Task objective:
Print the listing exactly as it stands, and skip any pictures in it.

Given material:
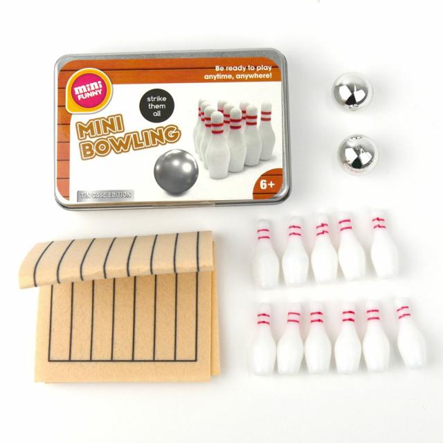 卓上や床などでサッと持ち出して遊べる、ミニチュアサイズのボーリングです。
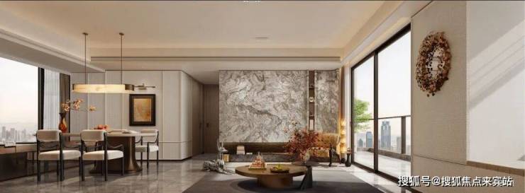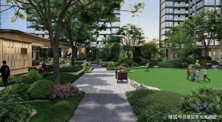 景观双轴,十大主题庭院:礼序前庭、琉光下沉式庭院、游泳池、社区会客厅、轻氧健身、亲子乐园、社区慢跑场等十大主题景观庭院。
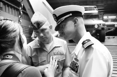 目前,“康斯托克”号上的22名军官、335名水兵以及402名陆战队员处于休假中,在有购物天堂之称的香港尽情放松。或许是注意到舰上约有15%~20%的女性官兵,在随后的记者招待会上,有媒体同行问起在实际操作中是否有男女分工之说。该舰指挥官莱舍尔中校和威利中校(图9)均予以否认。至于两人的假期安排,莱舍尔说:“这是我第三次来香港,上岸走一走、逛一逛就好。”威利则坦承:“太太特地嘱咐我,给她买些珠宝回去。”

Result:
 卓上や床などでサッと持ち出して遊べる、ミニチュアサイズのボーリングです。
 景观双轴,十大主题庭院:礼序前庭、琉光下沉式庭院、游泳池、社区会客厅、轻氧健身、亲子乐园、社区慢跑场等十大主题景观庭院。
 目前,“康斯托克”号上的22名军官、335名水兵以及402名陆战队员处于休假中,在有购物天堂之称的香港尽情放松。或许是注意到舰上约有15%~20%的女性官兵,在随后的记者招待会上,有媒体同行问起在实际操作中是否有男女分工之说。该舰指挥官莱舍尔中校和威利中校(图9)均予以否认。至于两人的假期安排,莱舍尔说:“这是我第三次来香港,上岸走一走、逛一逛就好。”威利则坦承:“太太特地嘱咐我,给她买些珠宝回去。”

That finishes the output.